Classical Liberalism

A way of ordering society that, in Zakaria’s words, “is typically understood to mean individual rights and liberties at home, freedom of religion, open trade and market economics, and international cooperation within a rules-based order.” Later, Zakaria adds to this mix the principle that all human beings are created equal. Still later, he adds that a classically liberal state does not try to decide what makes people happy but instead sets up conditions that allow its citizens to pursue happiness however they define it.

The Gilded Age

In the United States, the closing decades of the 19th century, characterized by rapid industrialization. It was also a time of rising wealth inequality, when families like the Rockefellers, the Carnegies, and the Vanderbilts became famously powerful. The expression “the Gilded Age” comes from the title of a Mark Twain novel.

The Glorious Revolution

The 1688 deposition of the Roman Catholic James II, king of England and Scotland, by the Protestant stateman William of Orange and his wife Mary, James’s daughter. The largely nonviolent coup was instigated by a group of English nobles in the name of Britain’s majority-Protestant population.

Illiberalism

The opposite of classical liberalism. Where liberalism represents, in Zakaria’s words, “progress, growth, disruption, revolution in the sense of radical advance,” illiberalism represents “regression, restriction, nostalgia, revolution in the sense of returning to the past.”

The Industrial Revolution

The rise of urban, machine-powered industry, starting in Great Britain in the middle of the 18th century and soon spreading to the rest of Europe and to the Americas. This revolution brought dramatic improvements in many people’s living standards but also created new problems, including harsh working conditions for industrial workers.

Pax Americana

Pax is the Latin word for peace.
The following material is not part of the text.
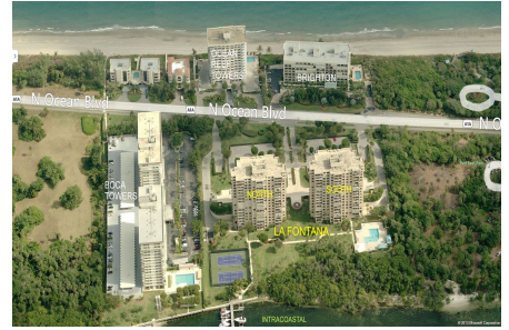
Built in 1980 - 81 units - 18 floors

La Fontana Condominium Association 2003 N Ocean Blvd, Boca Raton, FL 33431, +1 561-368-8494

The term Pax Americana may refer to any period when the world is more or less at peace because the United States, as the world’s only superpower, has the ability to impose global order. Zakaria uses the term to refer to the 30 years or so after the fall of the Soviet Union. With the rise of China and recent moves by Russia to regain some of its former status, the Pax Americana is (Zakaria believes) coming to an end.

Populism

A form of politics that comes in left-wing and right-wing forms, but in either form sides with the masses and against elites. It is characterized, Zakaria says, by “dismissive attitudes toward norms and practices like free speech, parliamentary procedures, and independent institutions.” In its extreme form, populism is willing to subvert democratic processes in order to win elections and achieve policy goals. Thus described, populism is automatically illiberal.

Tory

Originally, in British politics, the monarchist, traditionalist party of the landed aristocracy, which resisted free-market capitalism. Today, to be a “Tory,” i.e., a Conservative, is to be traditionalist but pro-capitalism. 

Whig

Once, in British politics, the pro-modernization, pro-capitalist party of the merchant class and industrial interests. As the Whig party's positions evolved, it renamed itself the Liberal party. A version of this party still exists, but the leading British party of the Left today is Labour, which tends to side with workers against corporate employers and favors activist government.